The relationship between God and his people is often portrayed in the Old Testament as analogous to a marriage in which God is the husband and Israel is the (often unfaithful) wife. See, for example, Jeremiah 3:1-14, Jeremiah 3:20, and Jeremiah 31:31-33. And, of course, the little prophetic book of Hosea is named after a man who, in order to illustrate the damaged relationship between the Lord and Israel, was required to take a flagrantly promiscuous woman, a prostitute named Gomer, as his wife — surely one of the most unpleasant church callings in history.

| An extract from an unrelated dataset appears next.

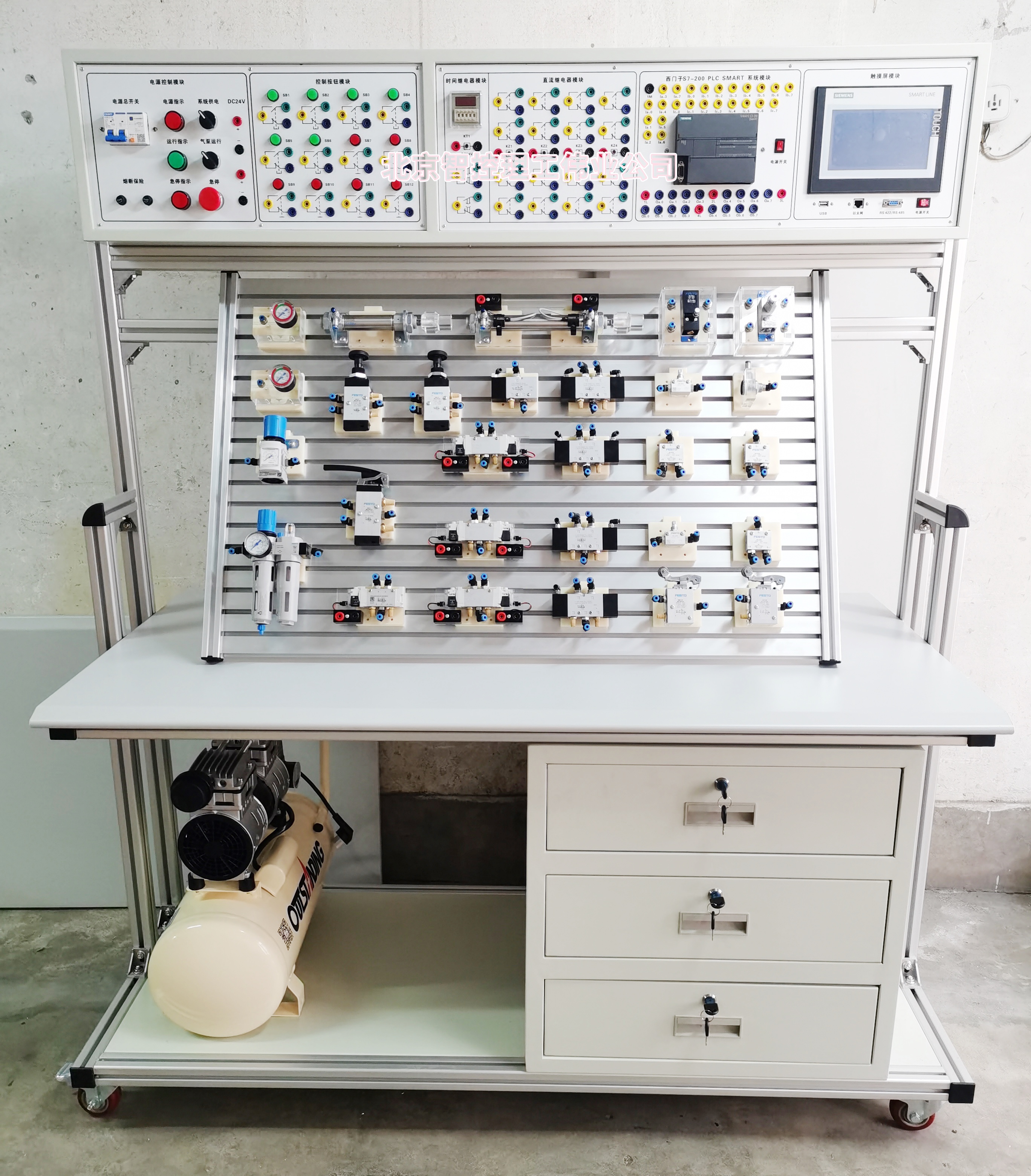 1、系統(tǒng)采用電、氣一體化結(jié)構(gòu),下半部分為標(biāo)準(zhǔn)化氣動(dòng)實(shí)訓(xùn)板,用以完成氣動(dòng)元件的安裝固定、氣路及電路的連接;上半部分為自動(dòng)化控制箱,用以完成PLC、低壓電器等的安裝和接線。

When Jesus criticizes “an evil and adulterous generation” or “a wicked and adulterous generation” that “seeks for a sign” (as in Matthew 12:39 and 16:4), that description should probably be understood in the light of the Old Testament imagery of God as husband and Israel as wife. So should the Parable of the Ten Virgins (also known as The Parable of the Wise and Foolish Virgins, Matthew 25:1-13), in which the “bridegroom” for whose coming they (and we) are to be alert is clearly Christ.
It’s noticeable, however, that Jesus calls himself “bridegroom” (νυμφίος) rather than “husband.”
Whereas, in the Old Testament, the marital relationship has already been established between God and his people, presumably via the Abrahamic or Mosaic covenant (or both), in the New Testament, it’s in the future rather than in the historic past. This is, in other words, to be a new covenant — perhaps the very “new covenant” (Hebrew בְּרִית חֲדָשָׁה [bərîṯ ḥăḏāšâ]; Greek Septuagint καινὴ διαθήκη [kainḕ diathḗkē]) that Jeremiah 31:31, already cited above, had suggested would come.
The Greek phrase that’s translated into English as “The New Testament” is, precisely, Ἡ Καινὴ Διαθήκη (“The New Covenant”), just as the Septuagint version of Jeremiah 31:31 has it.